Yo mama so stoopid. She thought fruit punch was a gay boxer
Yo mama so fat.
In Super Mario Galaxy, she was a fucking planet!
Yo mama jokes are so old, like your mom
Yo mama so fat, when she was just there, she made the whole earth go back to the ice age!
Yo mama so fat, her birth certificate was an apology letter
Your mum is so fat, when I was driving I had to swerve to avoid [her]. By the time I had finished, I had ran out of gas.
Yo mama so fat, she was pulled over... FOR HAVING 12 POUNDS OF CRACK ON HER!
Well, yo mama is fat, and when she loses weight, all the food that she has is hers, but the Africans get none.
Yo mama so fat. That when she went to take a crap... SHE COULDNT EVEN TAKE A CRAP!!!!
Yo mama so fat, it took your dad eight years to come back with the milk.

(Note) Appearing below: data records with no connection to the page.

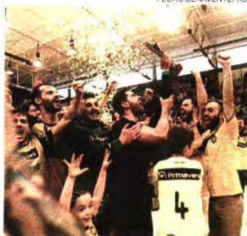
ABC venceu Nacional e Taça Challenge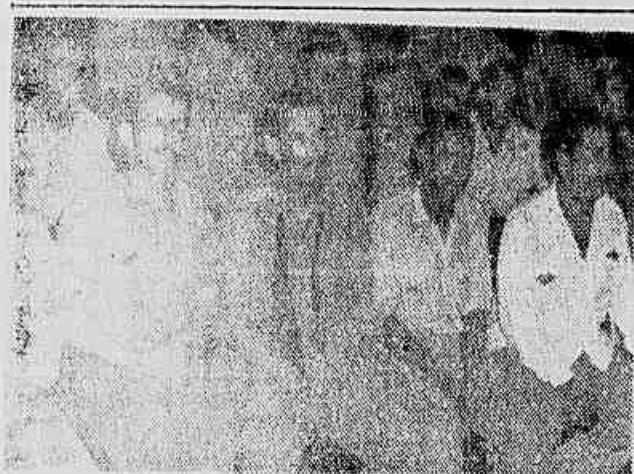
OS MOTORISTAS, TROCADORES E DESPACHANTES de ônibus estão com greve marcada para o dia 15, quando será deflagrada o movimento, caso até lá as empresas de ônibus não tenham pago o aumento de salários. O clichê mostra um aspecto parcial da assembléia realizada quinta-feira última, ocasião em que foi aprovada a decisão de greve.

Tudo pela tabela de 50 e 25 cruzeiros diários — Não aceitarão acôrdo em separado — Lição da última campanha por aumento de salários — O aumento é uma necessidade imprescindível — Lutar mais pelo novo salário-mínimo e exigir o congelamento de preços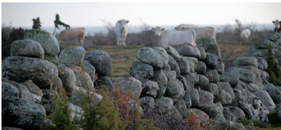
Det är nu sista chansen för den här gången att söka stöd för restaurering av stenmurar.

När det gäller överloppsbyggnader kommer vi inte att bevilja mer stöd för närvarande.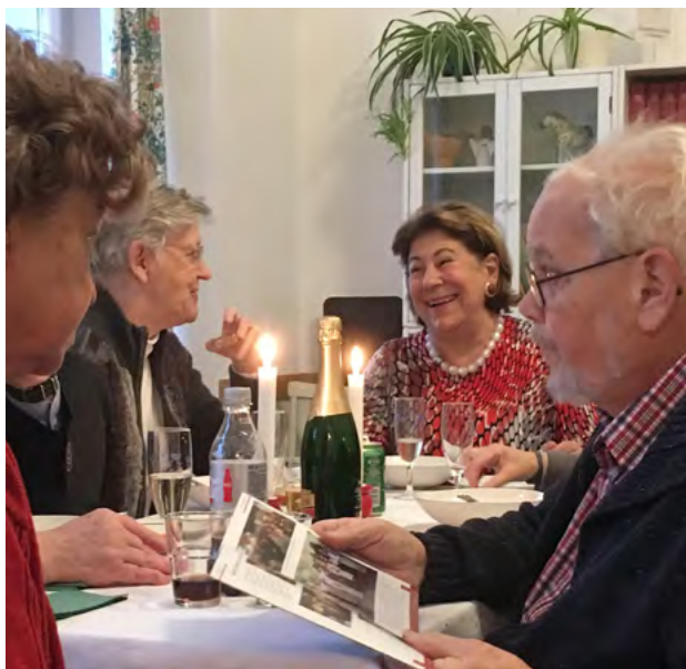
Seniorgruppen träffas första onsdagen i månaden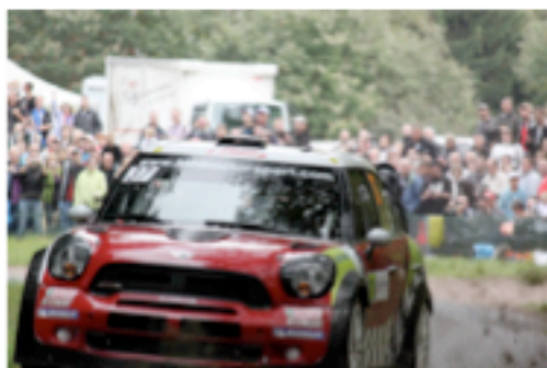
2012 – MINI ufficiale impegnata nel Rally d'Alsazia

Castrol e MINI uniscono le loro forze per lo sviluppo di lubrificanti formulati insieme, allo scopo di fornire a tutti i guidatori di MINI il massimo delle prestazioni.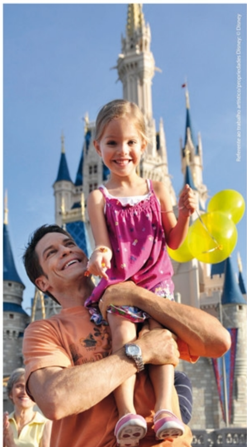
Referente ao trabalho artístico: propriedades Disney. © Disney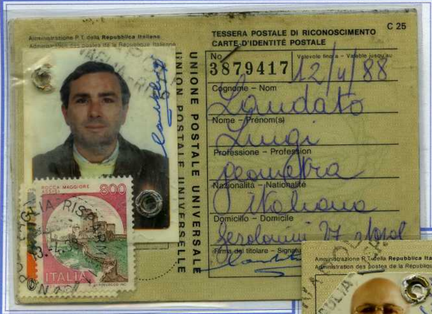
Tassa £.1500 - 1.6.1984 - 15.11.1985 in uso per 1 anno e 5 mesi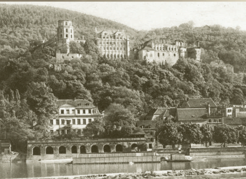
Вид на замок. 1910-е гг.

Ни о чем не нужно говорить, Ничему не следует учить,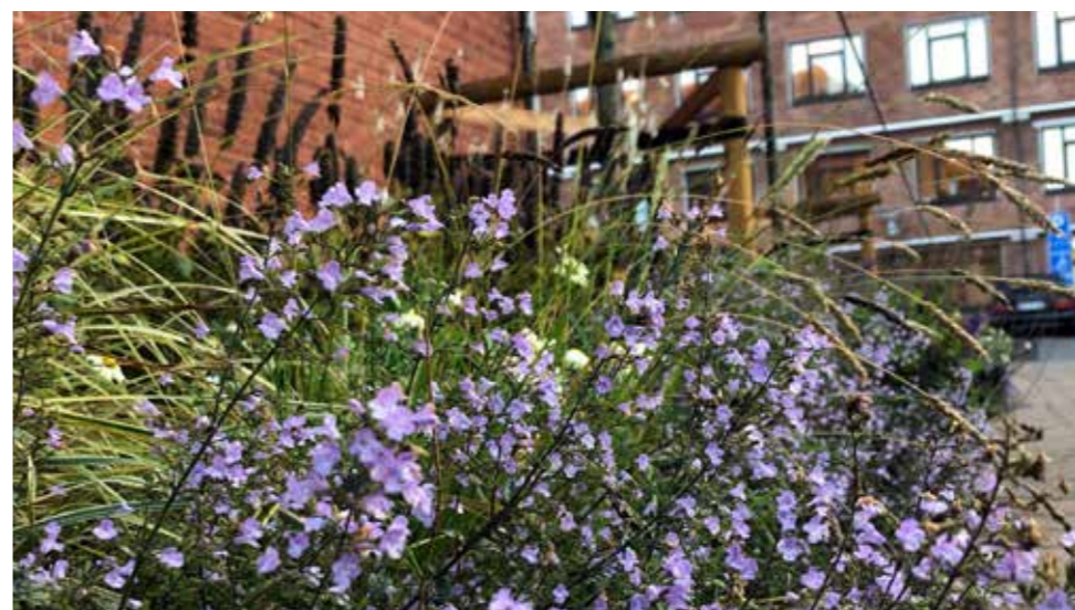
De blomstrende bede har bidraget til et løft af gaden og har fået en positiv modtagelse.

etableringsfasen har vi også valgt at afgrænse arealet med snor for at give planterne de bedste betingelser for en god start.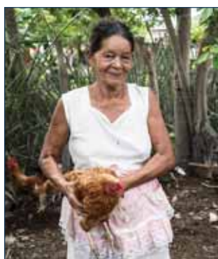
¡Los gallineros colectivos han sido un éxito!

▲ El equipo de Kenoli de visita con los/as participantes del Proyecto de Mangle en Puerto Parada

There are 10 million million million million million million million million particles in da universe that we can observe.
Yo mama took the ugly ones and put them into one nerd.
Alfonso's mom is so fat that she stepped on the scale and the doctor said, "Oh shit, that's my phone number!"
yo hairline is bigger than yo mamas boody
Yo mama is so fat that she stepped on the scale and it says, "Hey fat b****, break your fat a** in half so you won't weigh as much!"
Yo mama is so fat that she got on the scale, and it says, "Lose some pounds before you get on the scale, or it will break!"
Yo mama so ugly that when she went to an ugly contest, they said she wasn’t allowed because no professionals were allowed.
Yo mama so fat, even Bob the Builder said, "We can't fix that!"
YO MAMA! Yo mama so fat... she brought a spoon... to the SUPER BOOOOOOWL! YEAHHHHHHH!!!!!
Cummin in yo mama cummin in yo mama
Yo mama so fat.
She is the reason why people think that the Earth is flat.